Lawrence Berkeley National Laboratory
Nanoscale Junction Formation by Gas-Phase Monolayer Doping.
- Author(s): Taheri, Peyman
- Fahad, Hossain M
- Tosun, Mahmut
- Hettick, Mark
- Kiriya, Daisuke
- Chen, Kevin
- Javey, Ali
- et al.
Published Web Locationhttps://doi.org/10.1021/acsami.7b03974
A major challenge in transistor technology scaling is the formation of controlled ultrashallow junctions with nanometer-scale thickness and high spatial uniformity. Monolayer doping (MLD) is an efficient method to form such nanoscale junctions, where the self-limiting nature of semiconductor surfaces is utilized to form adsorbed monolayers of dopant-containing molecules followed by rapid thermal annealing (RTA) to diffuse the dopants to a desired depth.
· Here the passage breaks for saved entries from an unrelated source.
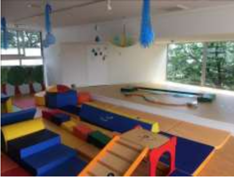
ふかさわミル保育園
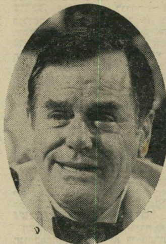
שחקן מי שנה השנה גיג יאנג "הם יורים גם בסוסים"

אי-שביעות-הרצון מן המיסטר הדמוקרטי, ובעיקר מן המשטרה הדמוקרטית, ודרכיה האלימות המעוותות את הדמוקרטיה ל"צרכיה הפרטיים.
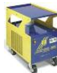
ΚΑΡΟΤΣΙ ΜΕΤΑΦΟΡΑΣ ΜΕ ΨΥΞΗ ΓΙΑ EASY TIG (66-01-041370)

Σύστημα συγκόλλησης με τη μέθοδο TIG με σύρμα για εφαρμογές με απαιτήσεις. Αυξάνει τον κύκλο των συνεργαζόμενων ηλεκτροσυγκολλήσεων λόγω της ψύξης με νερό (εφ' όσον συνεργάζονται). Συνεργάζεται με τα inverter TIG 137HF, 160HF, 167HF και 180AC/DC. Είναι απαραίτητο το καρότσι μεταφοράς με ψύξη (κωδ. 66-01-041370). Μήκος τσιμπιδας 4μ. Παραδίδεται με ράουλα Φ1,0 και Φ1,2 χιλ. Δέχεται σύρμα σε καρούλια 15 κιλών.
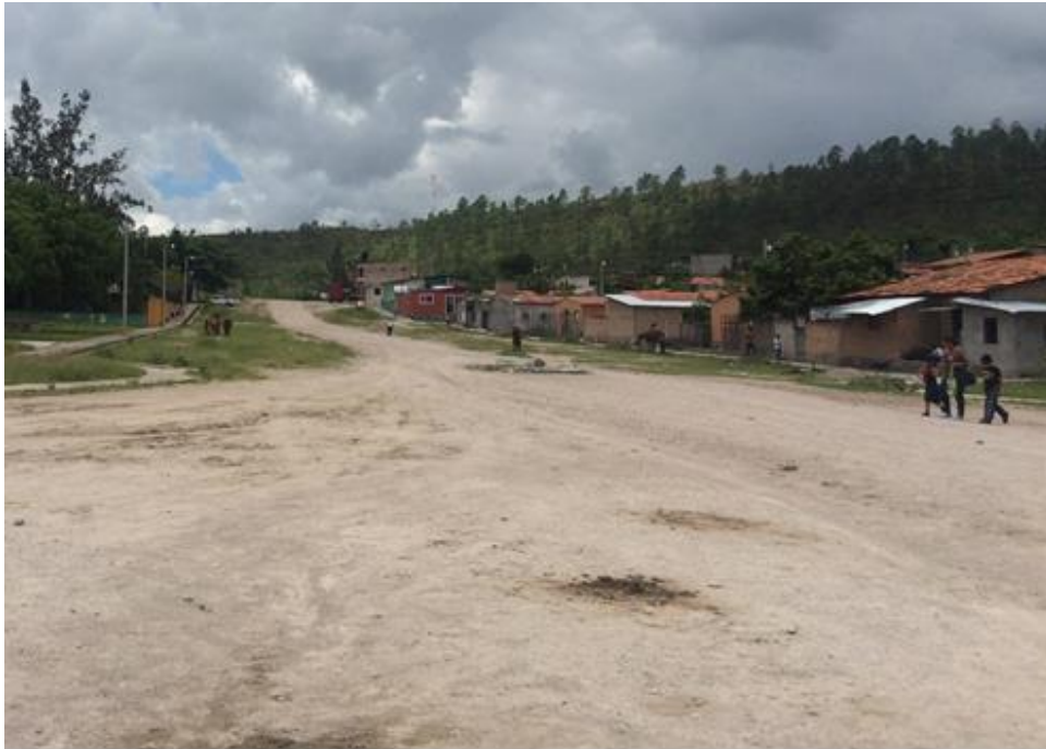
INICIO DE CALLE A REPARAR
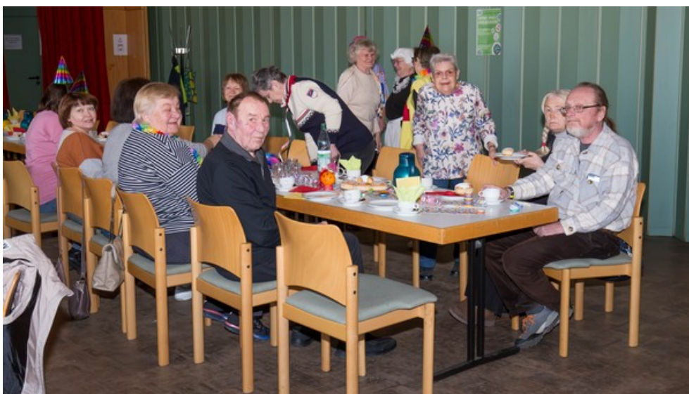
Fasching im Seniorencafé Ukraine
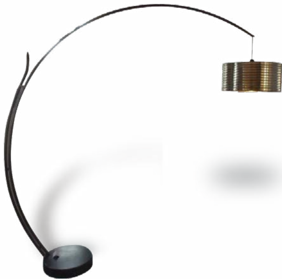
Atelier de Jérôme

Lampadaire industriel en acier brut réalisé par l'atelier de Jérôme.
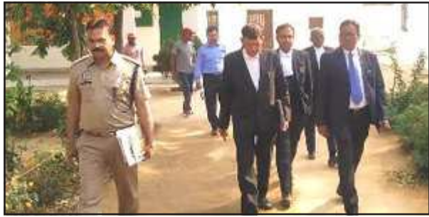
जिला कारागार का निरीक्षण करते अपर जिला जज।

कुल 12 बच्चे हैं जिसमें 08 लड़की व 04 लड़के हैं जिनमें 01 बच्चा
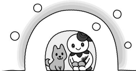
白石区マスコットキャラクター しろっぴー

例年にくらべて雪が少ない分、過ごしやすい冬と言えるかもしれませんが、道民としてはちょっと寂しい気もします。とはいえ、まだまだ寒い日は続きます。暖かくして読書を楽しんでください。

Unlike ion implantation, the process does not induce crystal damage, thus making it highly attractive for nanoscale transistor processing. To date, reported MLD processes have relied on solution processing for monolayer formation. Gas-phase processing, however, benefits from higher intra- and interwafer uniformity and conformal coverage of 3D structures and is more desirable for manufacturing. In this regard, we report a new approach for MLD in silicon and germanium using gas-phase monolayer formation. We call this technology gas-phase monolayer doping (GP-MLD). This method relies on sequential pulse-purge cycles of gas-phase dopant-containing molecules to form a boron- or phosphorus-containing monolayer on a target semiconductor surface. Here, we show the feasibility of our approach through the formation of ultrashallow B- and P-doped junctions on Si and Ge surfaces. The mechanism of adsorption is characterized using Fourier transform infrared spectroscopy and X-ray photoelectron spectroscopy. Sub-5 nm junction depths with high dopant dose are obtained as characterized by secondary ion mass spectrometry and sheet resistance measurements. Additionally, we demonstrate that area selectivity can be achieved via lithographic patterning of the monolayer dopants before the diffusion step. The results demonstrate the versatility of the GP-MLD approach for formation of controlled and ultrashallow junctions.